Published in final edited form as: Health Educ J. 2012 Oct 5;72(5):530–536. doi: 10.1177/0017896912450874

International service and public health learning objectives for medical students

Robert C Block 1,2, Vincent Duron 1, Peter Creigh 1, Scott McIntosh 1,2
PMCID: PMC3904446  NIHMSID: NIHMS369659  PMID: 24489401

Abstract

Objective

We aimed to improve the education of medical students involved in a longitudinal perinatal health improvement project in Gowa, Malawi.

Design

We conducted qualitative interviews with students who participated in the project, reviewed their quantitative reports, and assessed the application of methodologies consonant with the learning objectives of a novel community health improvement course within their experience.

Setting

The Gowa Health Promotions Project, designed to improve perinatal care for women and their families within the Gowa Health Clinic, used community participatory research strategies.

Method

Medical students partnered with clinic workers and the local residents, evaluated, and revised an existing perinatal educational program. Qualitative and quantitative health and program data were collected, and program revisions were implemented. The value of the student experiences as a public health educational tool was evaluated by the authors.

Results

Project sustainability was enhanced by a fellowship and planning for sequential students. The community health course structure and goals enhanced learning in the project. Engagement of investigators as early as possible in an international public health enhancement project improves student learning and ongoing commitment.

Conclusion

Service learning objectives aimed at providing valuable medical learning to student learners immersed in other cultures are consistent with evidence-based learning objectives in the field of public health. Proactively structuring this experience to explicate these goals can enhance student learning. This dual strategy may improve the sustainability of international health programs by educating medical students while leading them into careers where these skills will be leveraged.
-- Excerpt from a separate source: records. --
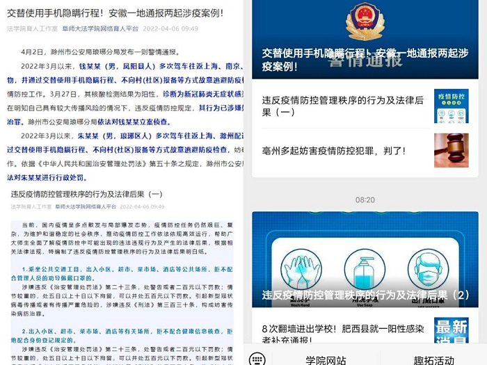 助力战“疫”,运用新媒体开展科普、普法宣传,提升学生法治意识。法学院分团委在微信公众号设立了疫情防控专栏,通过专栏向广大师生宣传疫情防控政策、疫情防控知识及法治宣传知识等。引导广大师生在增强自我防护意识和能力的同时,提升法治意识、遵守相关法律法规,自觉配合和引导他人自觉配合有关部门做好疫情防控工作,做到不信谣、不传谣,助力战“疫”,积极为打赢这次疫情防控阻击战而努力。
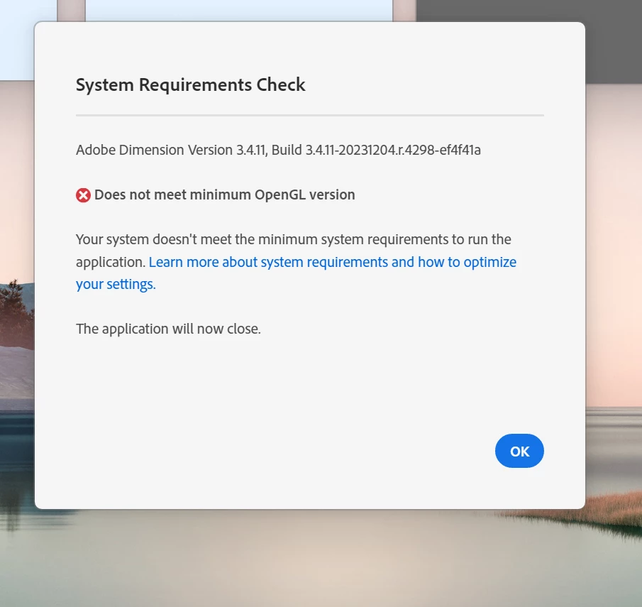 Hi, I keep on getting the attached error when opening Adobe Dimensions, and I believe I do have the correct system requirements. Any ideas why I am getting this error, or what I can do to resolve?
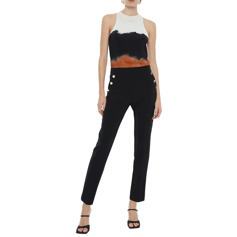 Camiseta estampada tie and dye, cuello halter. Detalle en escote de canalé con un perfil en hilo metalizado color cobre. Regualr fit.
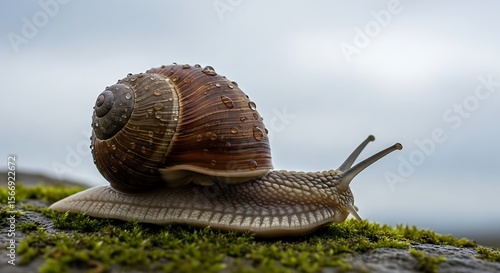 Close-up of a Snail on Mossy Rock, Water Droplets on Shell
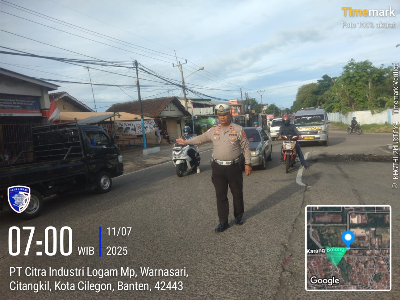 Cilegon – Berikan Pelayanan Pagi Kepada Masyarakat Personil Polsek Ciwandan Polres Cilegon Polda Banten melaksanakan pengaturan di titik kepadatan Arus Lalu-lintas Yang Ada Di daerah Hukum Polsek Ciwandan, Jum’at (07/11/2025).
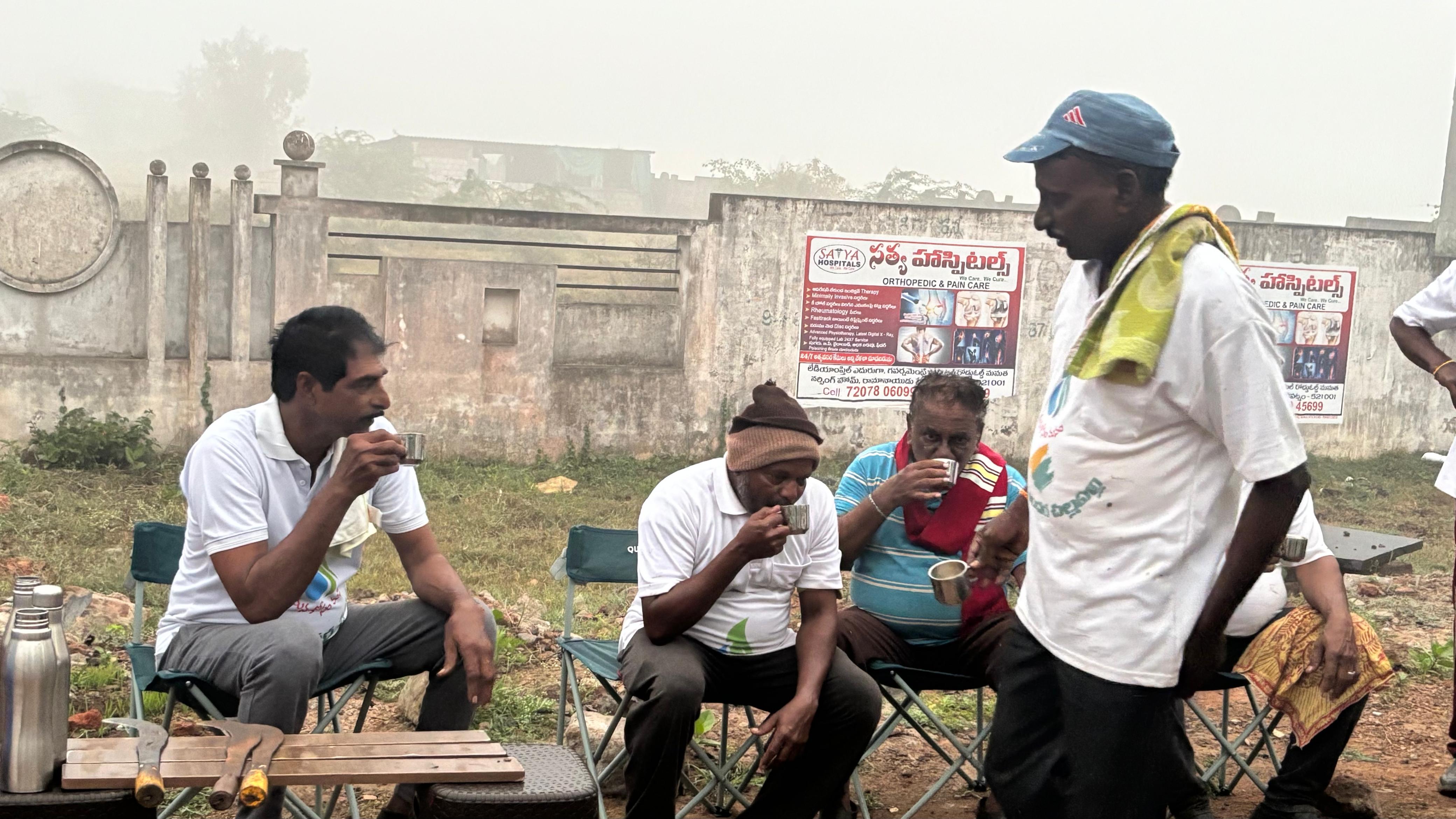 చలిని తట్టుకొని, పనుల్లో చురుకు కోసం ‘చెక్ పోస్టు బాబాయి’ అదలింపులే! ఊడ్చే నలుగురి శ్రమానందం మహిళలదే! గత తుఫానుకు విరిగి పడిన కొమ్మ రెమ్మల్ని ఏరి గుట్టలు పెట్టే వాళ్ళ శ్రద్ధా తక్కువ కాదే?
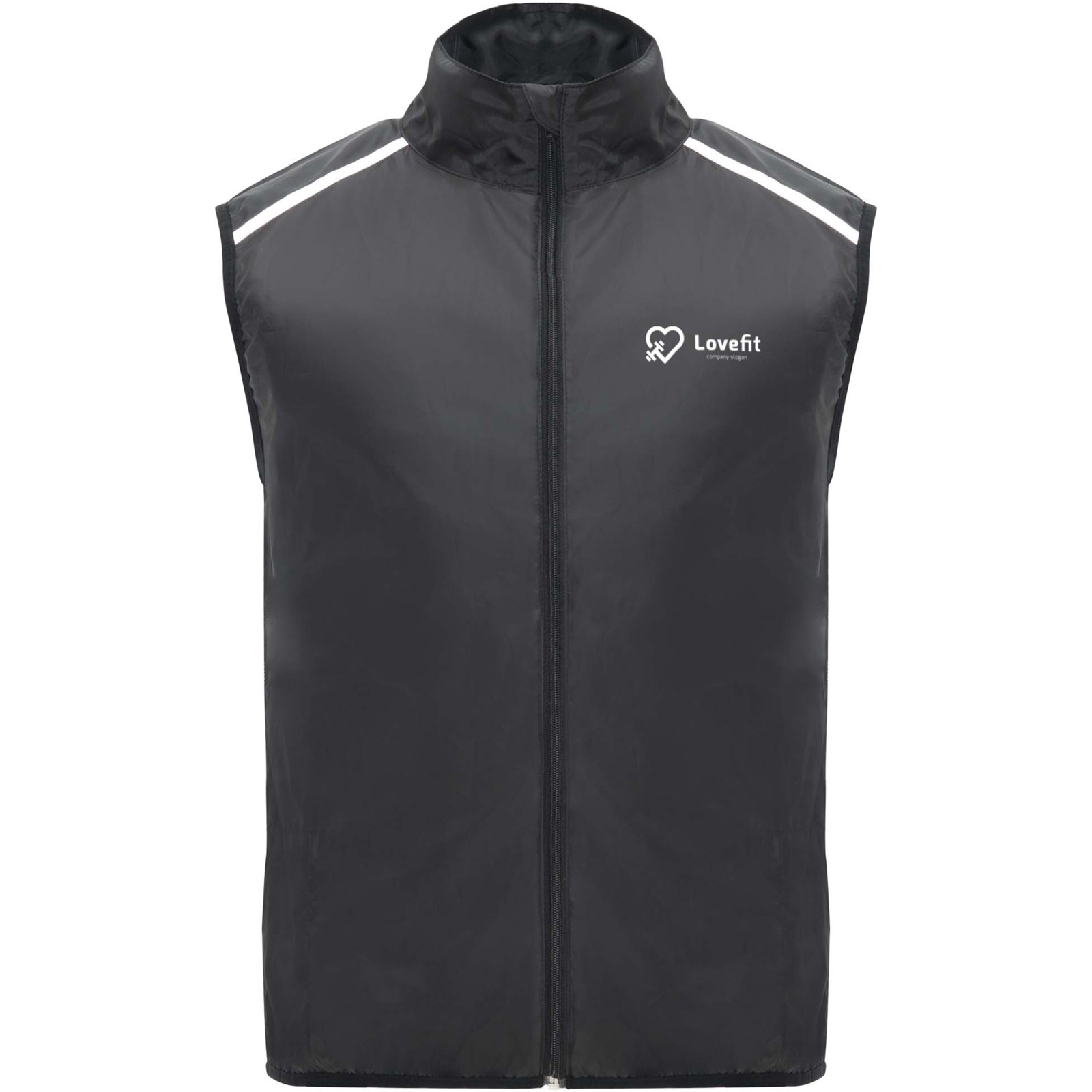 Antivento e traspirante. Zip anteriore con protezione per il mento abbinata. Orlo elasticizzato sul giromanica e sulla parte inferiore. Parte inferiore del retro in tessuto microforato. Dettagli fluorescenti sulla parte superiore, anteriore e posteriore. Tasca con fascia elastica per riporre il gilet e da indossare al polso. Etichetta rimovibile.

Keywords: International health, public health, perinatal health, medical student, Gowa, double-helix medical education

INTRODUCTION

International health electives are becoming increasingly popular among US medical students and residents with the number of medical schools offering preparatory international health courses increasing 35 percent and the number enrolled in these courses increasing 58 percent from 1990 to 1992 1. In 2003, at least 20 percent of graduates from US medical schools had engaged in international health activities compared to 6 percent of 1984 graduates 2. Such electives and required courses are associated with physicians choosing careers in primary care or in underserved settings and being recruited into primary care residencies. Participation is also associated with improved clinical skills and knowledge of tropical diseases accompanied by encouragement to obtain a public health degree 1, 3.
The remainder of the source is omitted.